Researchers aim AI tool at improving eye surgery

Screening candidates for eye-surgery can be a time-consuming process, the researchers noted, but new AI tools stand to help reduce screening times while also improving overall surgical results.
Jeff Rowe

In broad terms, any new technological development consists of two categories worth watching: the ongoing development of the technology itself, and the expanding uses of it.  AI in healthcare is no different.

For example, in a recent study, eyesight researchers have developed a machine-learning architecture whose best model achieved 93.4% accuracy in separating good candidates for corneal refractive surgery – an eye surgery used to improve the refractive state of the eye and decrease or eliminate dependency on glasses or contact lenses, the most common of which is LASIK surgery – from patients likely to have post-surgery complications or poor outcomes.

According to the study, which was published in npj Digital Medicine, the model performed much better than conventional screening methods and as well as highly experienced ophthalmologists who participated in the research.  

Until recently, senior author Tyler Hyungtaek Rim of Singapore Eye Research Institute and colleagues wrote in the report, there has been no definitive screening to confront the possibility of a misdiagnosis in candidates for corneal refractive surgery.  For this study, “a machine learning architecture was built with the aim of identifying candidates combining the large multi-instrument data from patients and clinical decisions of highly experienced experts.
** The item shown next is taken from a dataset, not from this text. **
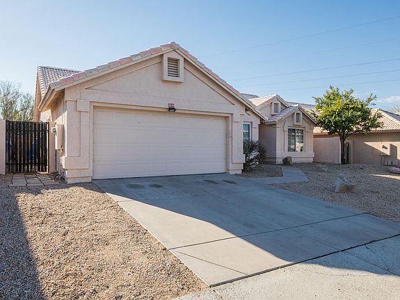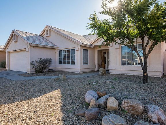 This charming home in the highly desirable neighborhood of Tatum Ranch features 3 beds, 2 baths, an open floor plan, and is located adjacent to a wash allowing for extra privacy. Upon entering you are greeted by the spacious vaulted ceiling family room. The kitchen is open to the family room and offers white-wash oak cabinets, breakfast bar, pantry, large bay window and sky light, and a dining nook. The master suite is split from 2 secondary bedrooms. The master bath features dual sinks, separate shower and tub, and a walk-in closet. Step outside to the large backyard to find a covered patio, a mini pond, fire pit, wrought iron and block fencing, and plenty of space for entertaining. Schedule your showing today!
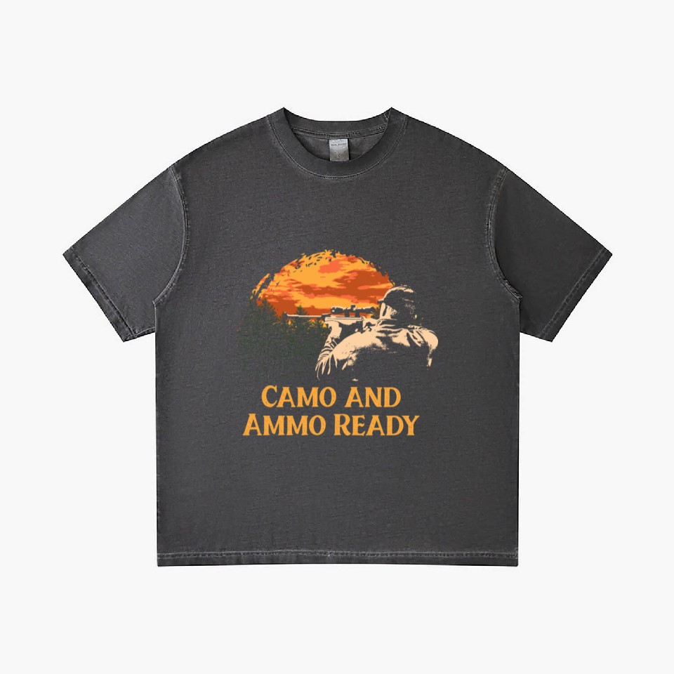 You're looking at the eye-catching product Camo and Ammo Ready Hunting Shotgun Hunter Shootin Gradient T Shirts For Men Washed Black belong theme Gradient T-Shirts at Printblur

Five heterogeneous algorithms were used to predict candidates for surgery.”

From these overlapping tools researchers built the high-performing ensemble classifier, training it on corneal tomography images, demographics data and data from other ophthalmic examinations of more than 10,000 patients.

The team internally validated the approach on data from more than 2,600 patients and subsequently validated it externally using data from more than 5,200 patients who received screening exams after the architecture’s development period.

“Our proposed machine learning model is expected to perform reliably because it was trained by a large population,” the authors concluded. “An automated analysis of preoperative data can provide a safe and reliable clinical decision for refractive surgery. In the future, this approach will facilitate standardized and automated selections of surgical choices.”